2. In alternativa eseguire immunofluorescenza di MMEC murino primario dopo il secondo CD31-MCS-passo.
   1. Cappotto i coprioggetti.
      1. Trasferire una sterile 13 mm di diametro tondo vetrino coprioggetti in un pozzetto di una piastra ben 24. Vetrino coprioggetti cappotto aggiungendo 300 µ l di soluzione di rivestimento di velocità per pozzetto. Incubare per 3 – 5 min a temperatura ambiente (TA).
      2. Aspirare e scartare la soluzione di rivestimento. Sciacquare ogni pozzetto con 2 mL di PBS sterile in due lavaggi consecutivi.

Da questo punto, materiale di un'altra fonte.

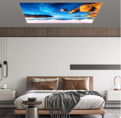 如下图所示,安装上这款镜面支架之后,峰米 S5 可实现挂墙投、躺平投、正面朝下投等多种投影方式。
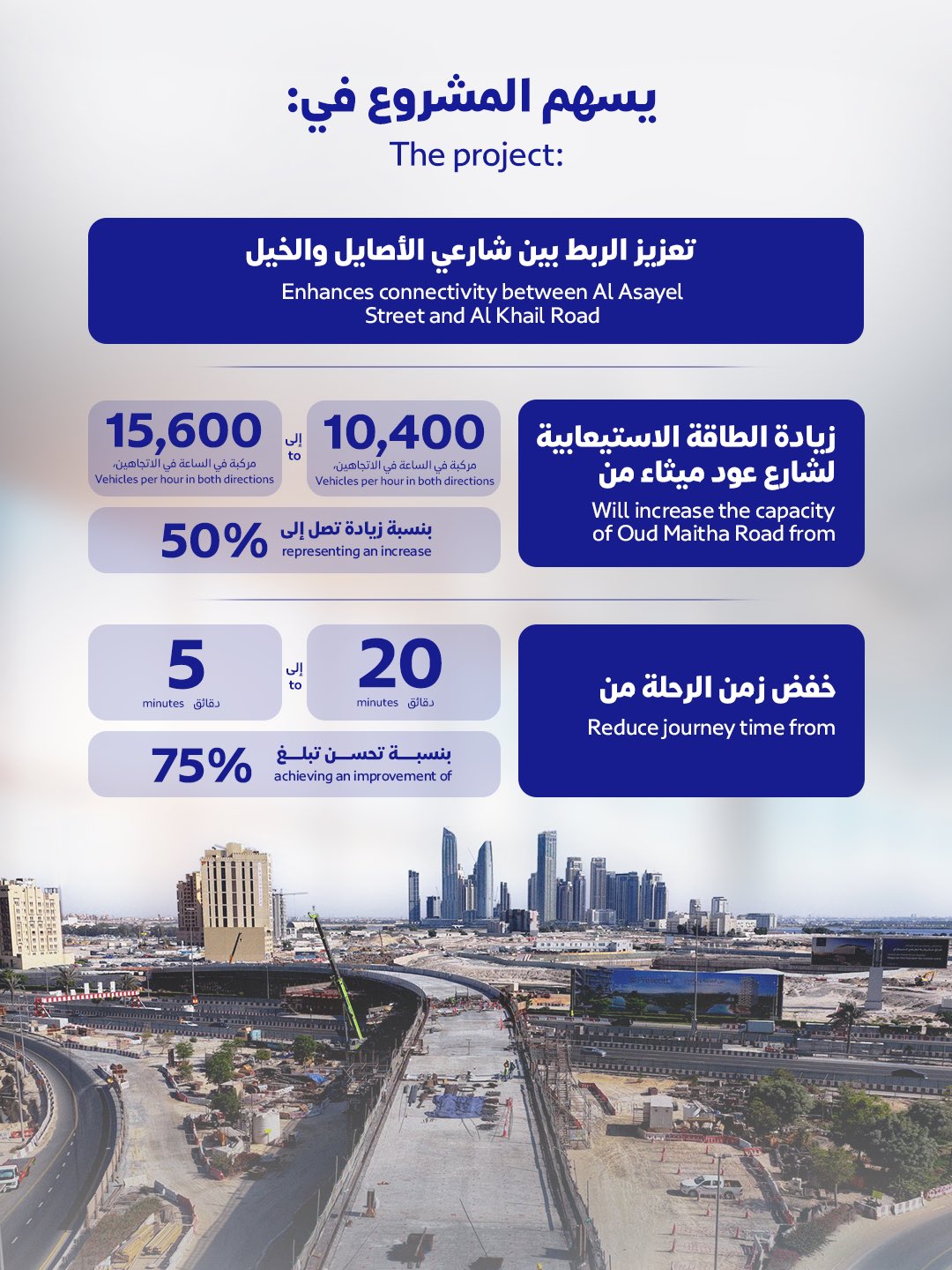 The project also includes the upgrade of the Oud Maitha Road intersection with Al Asayel Street and Al Wasl Club Street, through the construction of two bridges linking Al Asayel Street to Al Khail Road via Al Wasl Club Street. The first bridge comprises two lanes, with a capacity of 2,400 vehicles per hour, serving traffic movements from Al Asayel Street towards Al Wasl Club Street. The second bridge comprises three lanes, with a capacity of 3,600 vehicles per hour, serving traffic movements from Al Khail Road towards Al Asayel Road.

Aspirare e scartare PBS.
      3. Semi 1 x 10⁵ cellule in 1 mL ECM il coprivetrino rivestito e incubare a 37 ° C e 5% di CO₂ in un'incubatrice sterile fino a quando le cellule sono 99% confluenti.
   2. Eseguire la fissazione e colorazione di immunofluorescenza.
      1. Togliere la soluzione ECM di cellule coltivate dal 5.2.1.3.
      2. Difficoltà cellule coltivate con l'aggiunta di 300 µ l 4% paraformaldeide (PFA) con pH 7.4 per pozzetto, per 10 min a 4° C.
         Attenzione: PFA è tossico e deve essere maneggiato con cura.
      3. 3 lavaggio procedere aggiungendo 1 mL di PBS per pozzetto e rimuovere il supernatante dopo 5 minuti a TA.
      4. Preparare un blocco soluzione contenente 5% BSA, 0,2% siero di capra Triton-X e 1% in PBS.
      5. Aggiungere 300 µ l di soluzione bloccante in ogni pozzetto e incubare per 1 h a TA.
      6. Rimuovere il supernatante e aggiungere 200 µ l di anticorpo anti-PECAM-1 (CD31) (1: 200) in 5% BSA, siero di capra 1% in PBS e incubare a 4 ° C durante la notte.
      7. Eseguire 3 fasi di lavaggio aggiungendo 1 mL di PBS per pozzetto e rimuovendo supernatante dopo 5 min a temperatura ambiente in ogni passaggio.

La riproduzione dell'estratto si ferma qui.